In the data below, restate exactly the lines from the one with "Патч корд, интернет" to the final line, both included, but not the pictures.

■ SUPPLIED RECORDS:
┄┄┄┄┄┄┄┄┄┄

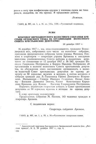 Приговор Верходворского волостного собрания крестьян Орловского уезда об организации волостного Совета крестьянских депутатов. 16 декабря 1917 г.
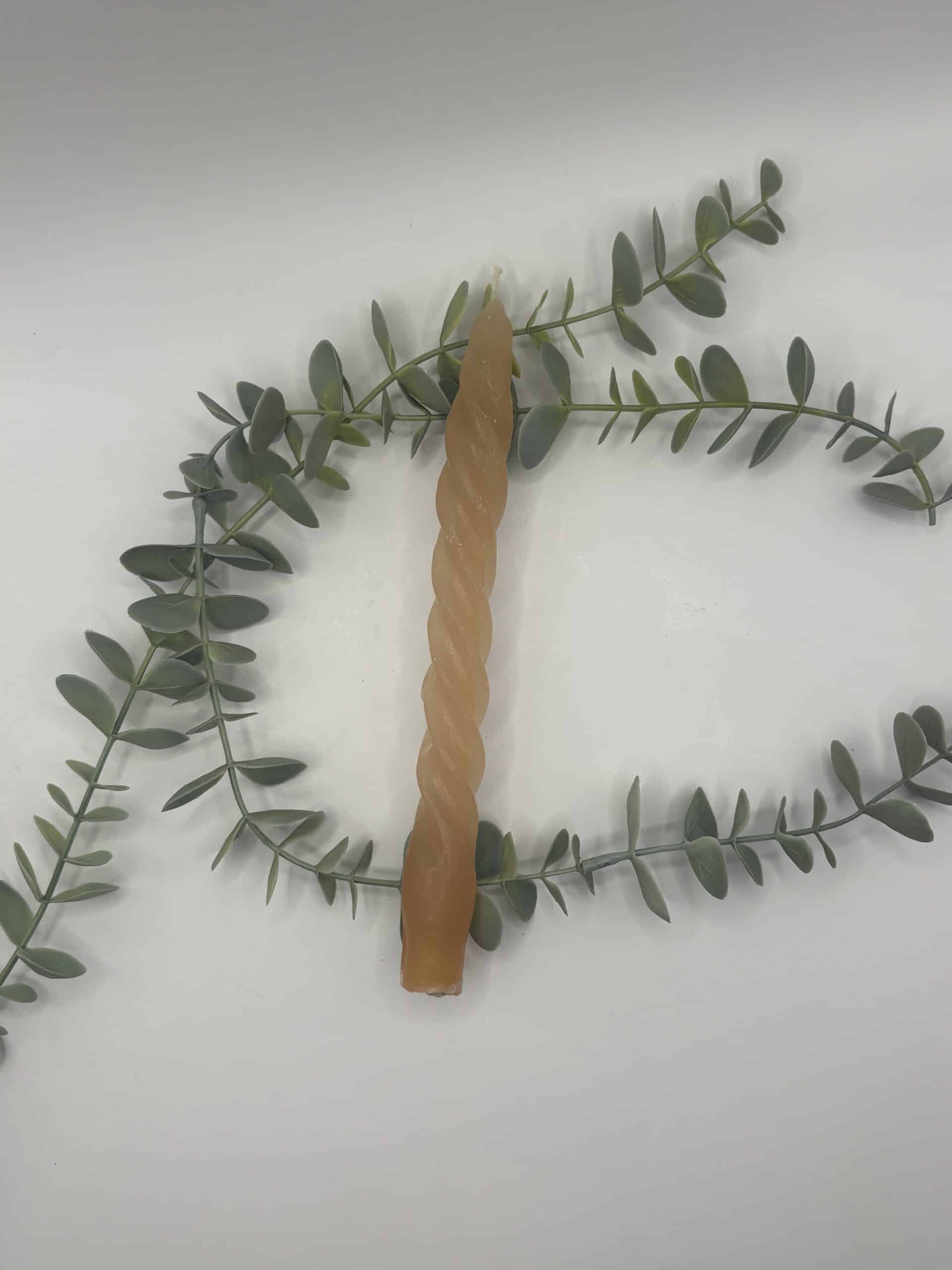 Een oranje kaars voor een kandelaar met een smalle krul in.
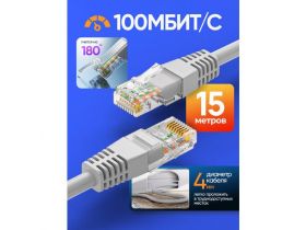 Патч корд, интернет кабель CAT5e, длина 15метров, 100Мбит/сек 103745185353
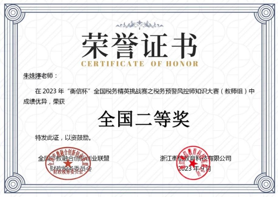 由全國產(chǎn)教融合創(chuàng)新創(chuàng)業(yè)聯(lián)盟財政稅務(wù)委員會和浙江衡信教育科技有限公司聯(lián)合主辦的“衡信杯”全國稅務(wù)精英挑戰(zhàn)賽于8月29日結(jié)束,我校經(jīng)濟管理學院朱姝婷老師喜獲全國二等獎。
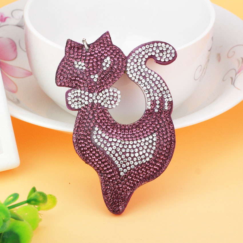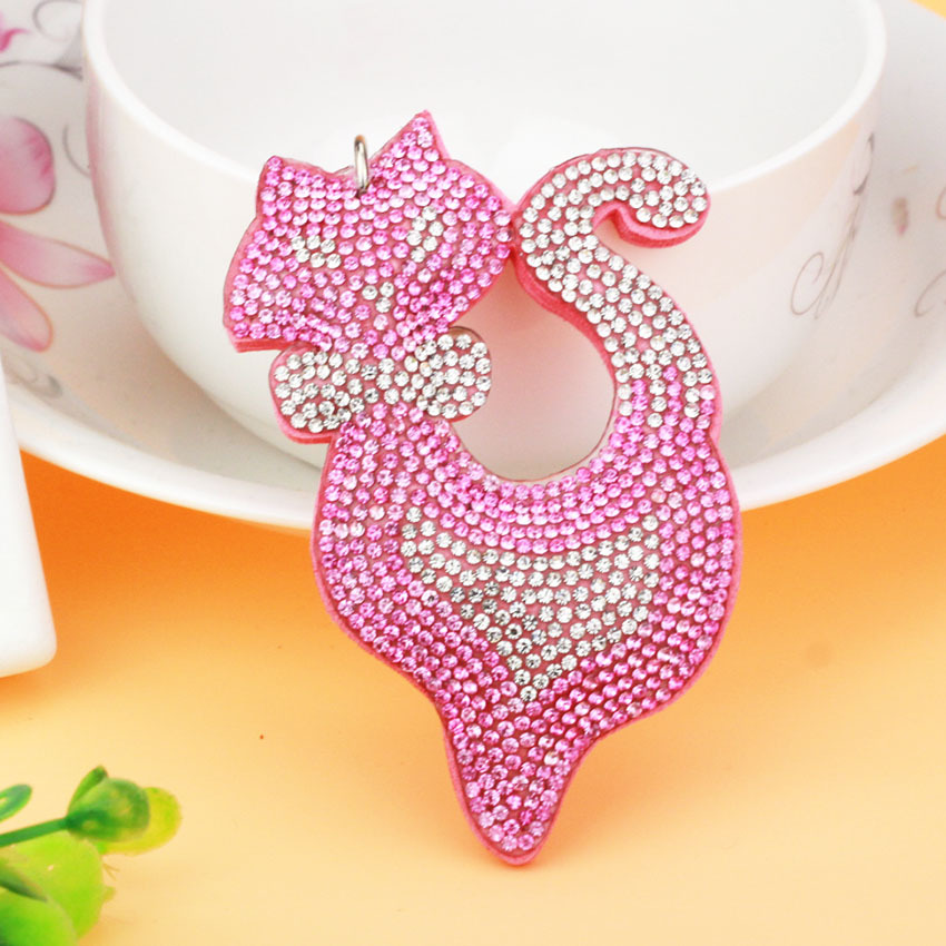 Kitten Cat Shape PU Leather Crystal Diamante Bag Charm Handbag Keyring Pendant

┄┄┄┄┄┄┄┄┄┄

■ OUTPUT FOR THIS TASK:
 Патч корд, интернет кабель CAT5e, длина 15метров, 100Мбит/сек 103745185353
 由全國產(chǎn)教融合創(chuàng)新創(chuàng)業(yè)聯(lián)盟財政稅務(wù)委員會和浙江衡信教育科技有限公司聯(lián)合主辦的“衡信杯”全國稅務(wù)精英挑戰(zhàn)賽于8月29日結(jié)束,我校經(jīng)濟管理學院朱姝婷老師喜獲全國二等獎。
 Kitten Cat Shape PU Leather Crystal Diamante Bag Charm Handbag Keyring Pendant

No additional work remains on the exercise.